# [WHAT THE TASK REQUIRES]
Nothing but the lines from the first line of the material below through the line that holds "It is with great" should be set down, exactly and with pictures left out.

# [DATA EXCERPTS]
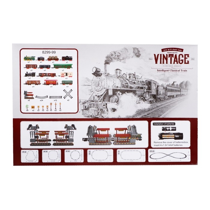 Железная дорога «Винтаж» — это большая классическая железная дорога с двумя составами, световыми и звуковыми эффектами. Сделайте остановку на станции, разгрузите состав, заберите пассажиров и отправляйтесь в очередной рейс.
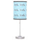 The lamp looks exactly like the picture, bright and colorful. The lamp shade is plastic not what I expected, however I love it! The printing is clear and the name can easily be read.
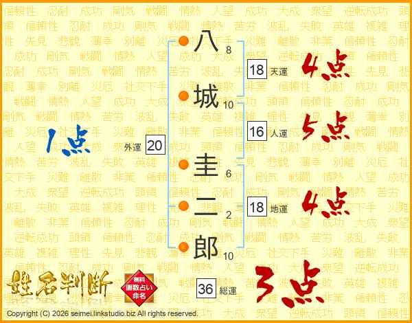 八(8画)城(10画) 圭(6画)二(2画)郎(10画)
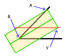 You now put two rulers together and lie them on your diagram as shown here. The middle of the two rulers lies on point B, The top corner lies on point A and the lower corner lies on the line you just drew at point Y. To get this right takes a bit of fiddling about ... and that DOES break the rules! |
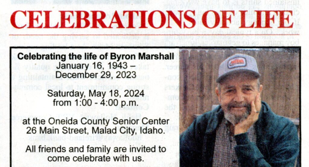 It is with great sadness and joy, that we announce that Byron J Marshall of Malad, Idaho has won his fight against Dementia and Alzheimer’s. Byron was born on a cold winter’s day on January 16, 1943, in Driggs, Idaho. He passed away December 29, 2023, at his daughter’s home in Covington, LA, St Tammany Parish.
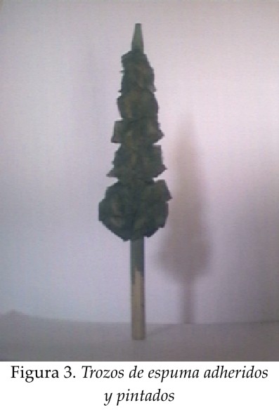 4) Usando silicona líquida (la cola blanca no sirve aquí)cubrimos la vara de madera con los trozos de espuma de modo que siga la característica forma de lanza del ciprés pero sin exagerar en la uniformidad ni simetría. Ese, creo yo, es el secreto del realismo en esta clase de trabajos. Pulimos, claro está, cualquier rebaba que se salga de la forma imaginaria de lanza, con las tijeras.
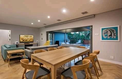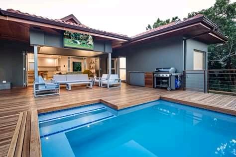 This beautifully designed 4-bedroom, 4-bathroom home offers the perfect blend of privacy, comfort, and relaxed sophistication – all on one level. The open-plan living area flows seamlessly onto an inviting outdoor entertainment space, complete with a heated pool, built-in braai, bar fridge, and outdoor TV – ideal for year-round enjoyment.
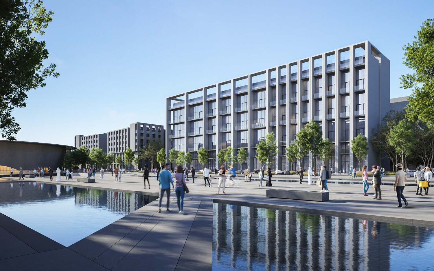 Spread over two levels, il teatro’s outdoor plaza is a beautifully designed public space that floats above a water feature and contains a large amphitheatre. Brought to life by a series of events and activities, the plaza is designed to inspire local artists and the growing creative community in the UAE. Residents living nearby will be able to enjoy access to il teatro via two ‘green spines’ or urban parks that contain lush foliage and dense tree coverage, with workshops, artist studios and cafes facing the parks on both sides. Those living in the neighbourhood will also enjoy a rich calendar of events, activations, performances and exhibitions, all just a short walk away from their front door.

# [WRITTEN SOLUTION]
 Железная дорога «Винтаж» — это большая классическая железная дорога с двумя составами, световыми и звуковыми эффектами. Сделайте остановку на станции, разгрузите состав, заберите пассажиров и отправляйтесь в очередной рейс.
 The lamp looks exactly like the picture, bright and colorful. The lamp shade is plastic not what I expected, however I love it! The printing is clear and the name can easily be read.
 八(8画)城(10画) 圭(6画)二(2画)郎(10画)
 You now put two rulers together and lie them on your diagram as shown here. The middle of the two rulers lies on point B, The top corner lies on point A and the lower corner lies on the line you just drew at point Y. To get this right takes a bit of fiddling about ... and that DOES break the rules! |
 It is with great sadness and joy, that we announce that Byron J Marshall of Malad, Idaho has won his fight against Dementia and Alzheimer’s. Byron was born on a cold winter’s day on January 16, 1943, in Driggs, Idaho. He passed away December 29, 2023, at his daughter’s home in Covington, LA, St Tammany Parish.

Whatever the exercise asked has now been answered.